Онъ всталъ изъ-за письменнаго стола и въ волненіи заходилъ по кабинету.

— Я былъ такъ увѣренъ, что ты переселяешься въ Завитаевку… произнесъ онъ.

— Не нужно было быть увѣреннымъ.

— Но вѣдь ты обѣщалась мнѣ принесть эту жертву.

— Много вы сами приносите мнѣ жертвъ. Садитесь и пишите сейчасъ записку подрядчику Фалютину, чтобы онъ явился немедленно къ вамъ. Иванъ снесетъ записку.

— Ты требуешь невозможнаго.

— Пишите, говорятъ вамъ!

И она сдѣлала величественный жесть рукою, указывая на письменный столъ.

Такіе величественные жесты дѣлаютъ опять-таки королевы въ трагедіяхъ.

Онъ повиновался, сѣлъ въ кресло къ письменному столу, но не писалъ, а хрустѣлъ пальцами, ломая руки, и умоляюще смотрѣлъ на нее.

— Не дѣлайте такого кислаго лица. Все равно не разжалобите меня. Я непреклонна.

— Знаю… со вздохомъ произнесъ онъ, и сталъ нервно затягиваться сигарой.

— Пишите же подрядчику.

— Я просто не знаю… Я не буду въ состояніи и разговаривать съ нимъ.
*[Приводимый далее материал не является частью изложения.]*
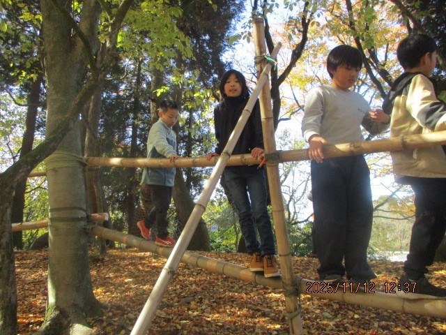 竹でできた遊具で体を動かしました。遊具の順番を守り、ゆずり合いながら気持ちよく使用することができました。
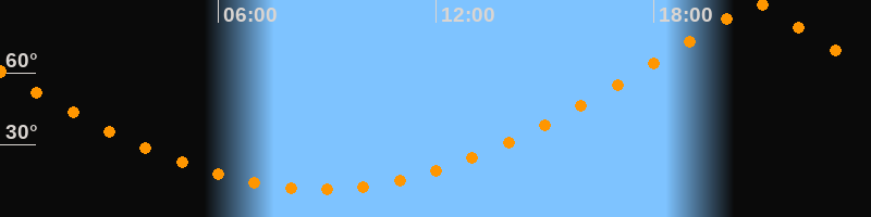 | Höchster Stand (Kulmination) | 20:47 Uhr (h = 89,9°) |
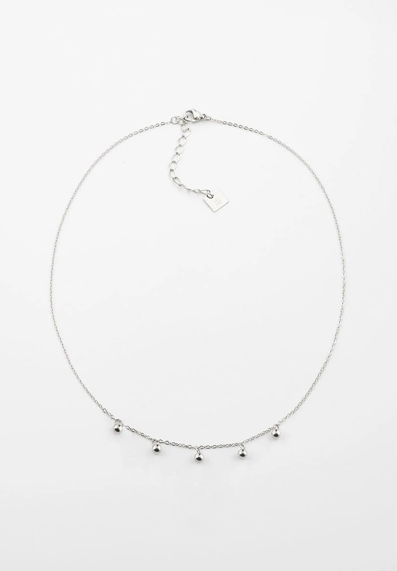 Collier chaînette en acier uni ou doré à l’or fin parsemé de petites boules de métal.
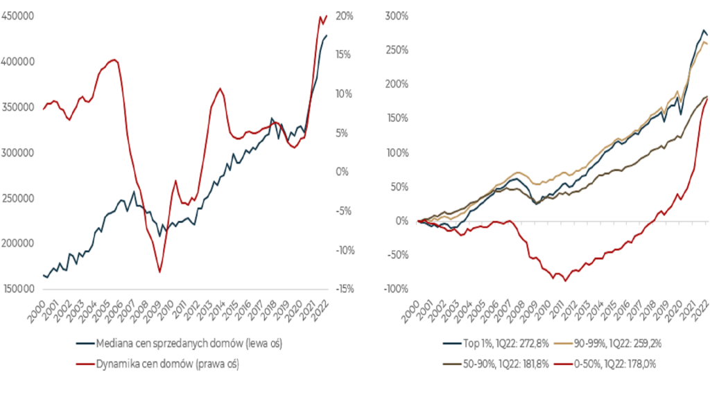 Podsumowując, jeżeli jednym ze sposobów walki z inflacją jest obniżenie wydatków konsumpcyjnych poprzez tzw. efekt majątkowy (czuje się biedniejszy, to mniej kupuje), to wydaje się, że sugestia Dudleya o konieczności obniżenia cen akcji, to nie jedyny i raczej nie najważniejszy czynnik. Drugi, być może istotniejszy, to ceny nieruchomości, które wpływają na największą częścią majątku zdecydowanej większości Amerykanów. Pogorszenie koniunktury na rynku nieruchomości prawdopodobnie już trwa, dlatego niewykluczone, że niebawem coraz silniej zacznie to odczuwać amerykański konsument, co przełoży się na niższy popyt konsumpcyjny i ostatecznie spowolnienie inflacji.
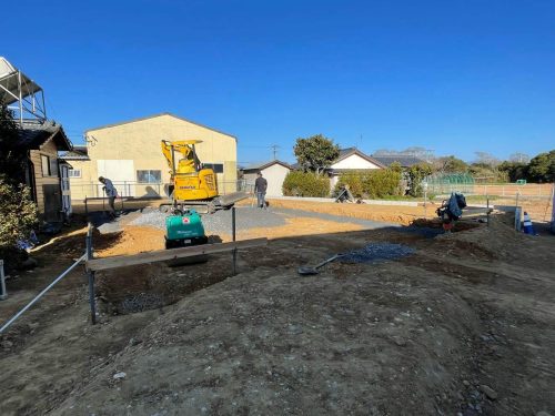 工事名:Y様邸新築工事 工事場所:高鍋町 工事担当:安藤賢次 工事状況:着工~基礎完了

— Если вы такая тряпка, то я за васъ поговорю. Пишите.

Онъ взялъ перо.

— Что писать? Какъ писать? совсѣмъ растерявшись спрашивалъ онъ.

Руки его тряслись.

— Пишите учтиво, ласково… сказала она.— «Милѣйшій», «добрѣйшій»…
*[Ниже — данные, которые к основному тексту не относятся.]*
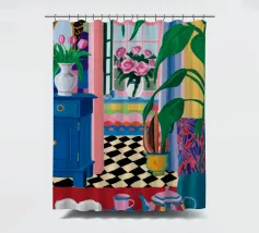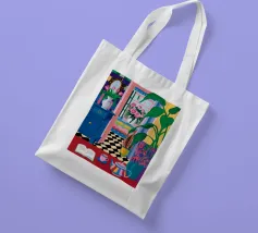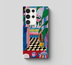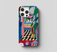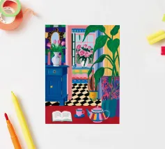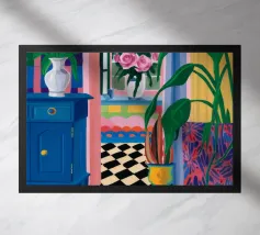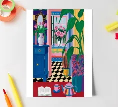 Una scena d'interni dai colori vivaci con un mobile blu, un vaso di grandi foglie verdi, un tappeto a motivi e un libro aperto, che creano uno spazio domestico gioioso e artistico.
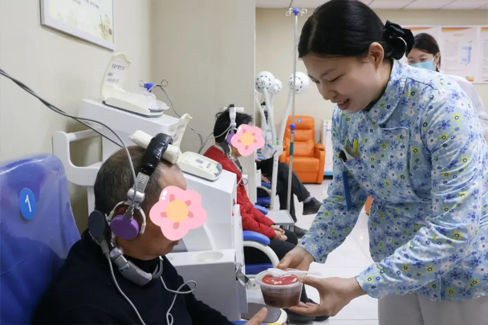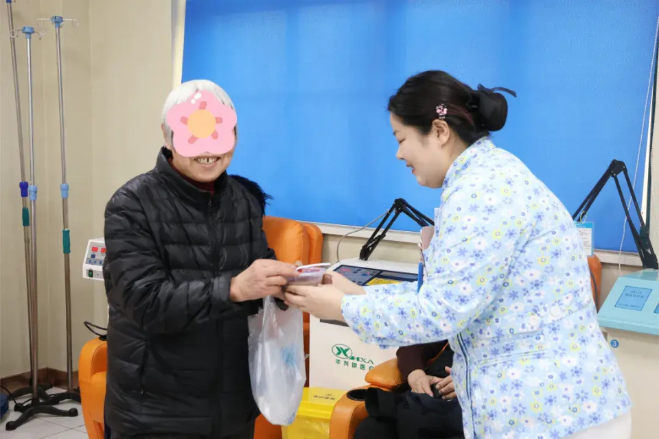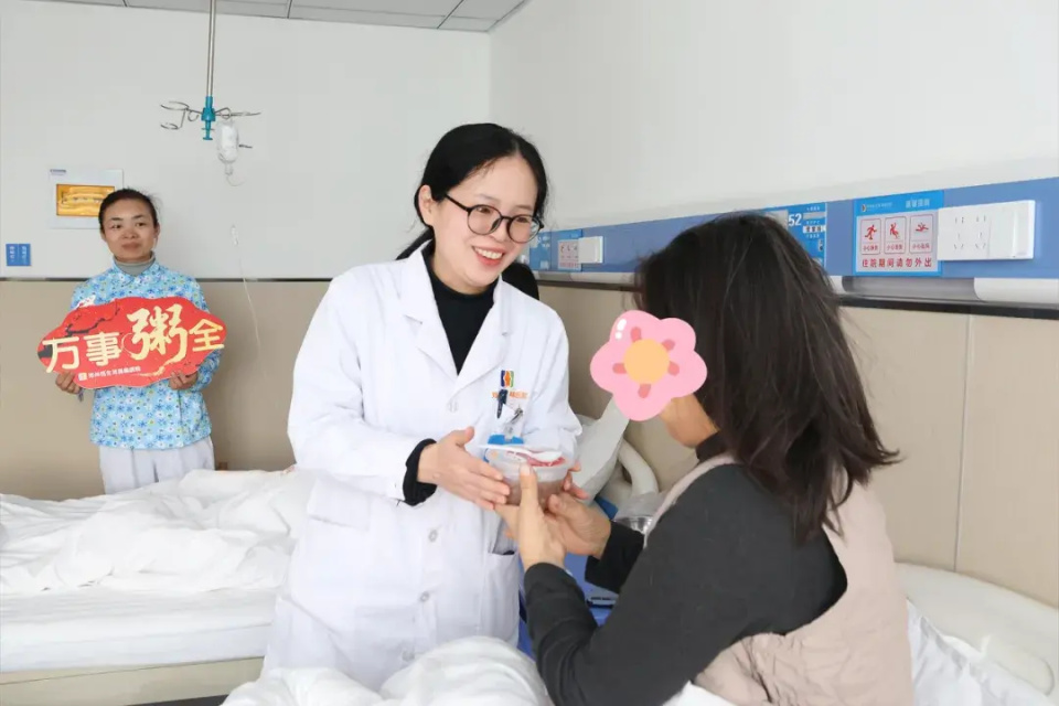 随后,医护人员又特意赶往二楼中西医结合治疗区,为那些冒着寒意前来就诊的患者送上热粥,让奔波求医的人们,也能感受到这份节日的专属温情。
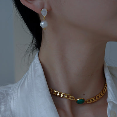 マーブル模様のチャームとティアドロップ型のストーンのコンビネーションがポップなピアス。
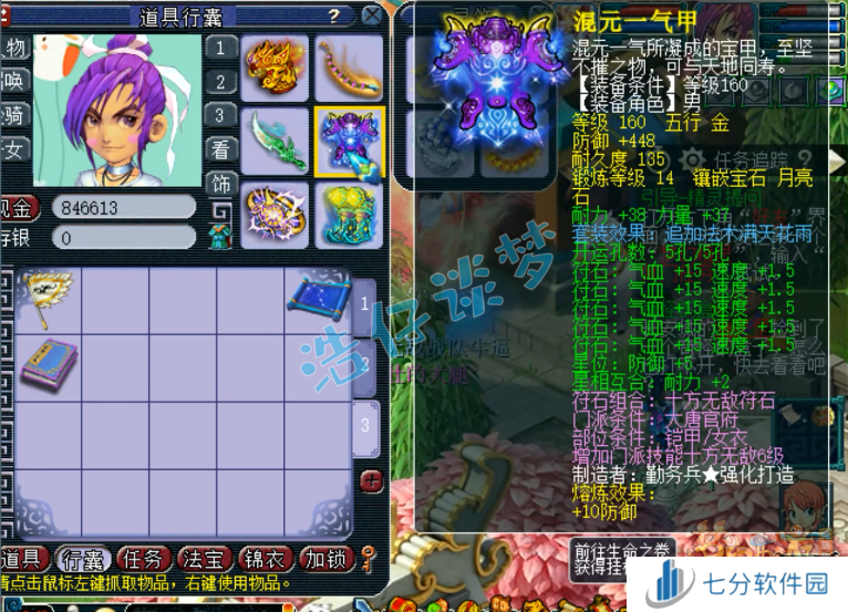 160级满天花雨套铠甲,力耐双加75,防御还可以熔炼得更高。

Медленно вынулъ онъ изъ бювара листикъ почтовой бумажки съ вензелемъ подъ короной и сдѣлалъ нѣсколько строкъ, но тотчасъ же разорвалъ листикъ бумаги и опять вскинулъ умоляющій взоръ на-нее.

— Но вѣдь ты такъ твердо рѣшила ѣхать въ Завитаевку, сказалъ онъ.

— Сначала рѣшила, а потомъ перерѣшила.

— Ты была тогда такъ благоразумна…

— Я всегда благоразумна. Я не вы…

— Но теперь…

— И теперь благоразумна. Пишите.

— Мозгъ не работаетъ.

— Заставьте его работать. Ну, пишите. «Милѣйшій»… Какъ подрядчика звать?

— Петръ Михайлычъ.

— Ну… «Милѣйшій Петръ Михайлычъ, мнѣ тебя необходимо видѣть сегодня же». Вы какъ его называете: ты или вы?

— Вы. У него, душечка, у самого Станиславъ на шеѣ, хоть онъ и купецъ.

— Ну, такъ «вы». «Мнѣ необходимо васъ видѣть по очень важному дѣлу, а потому будьте добры пожаловать ко мнѣ какъ можно скорѣе». Написали? Ну, теперь подписывайтесь. Конвертъ и адресъ скорѣй…

Письмо готово.

— Давайте сюда письмо.

Она позвонила, нажавъ пуговку электрическаго звонка. Вошелъ лакей.

— Снесите это письмо сейчасъ же по адресу, отдала она приказъ.

— Я, Катерина Львовна, какъ ты тамъ хочешь, а разговаривать о такихъ предметахъ съ подрядчикомъ не могу, сказалъ онъ по уходѣ лакея.

— И не надо. Я сама съ нимъ поговорю. Когда онъ придетъ, пошлите его ко мнѣ.

Она поднялась съ кресла и стала опять въ позу королевы изъ трагедіи. Онъ сидѣлъ, весь съѣжившись, жалкій. Она посмотрѣла на него черезъ плечо и, сдѣлавъ гримасу, проговорила:

— Тряпка… Совсѣмъ тряпка.

Произнеся эти слова, она гордою поступью скрылась за портьерой. Такъ уходятъ со сцены королевы въ трагедіяхъ. Для полноты сходства не хватало только апплодисментовъ.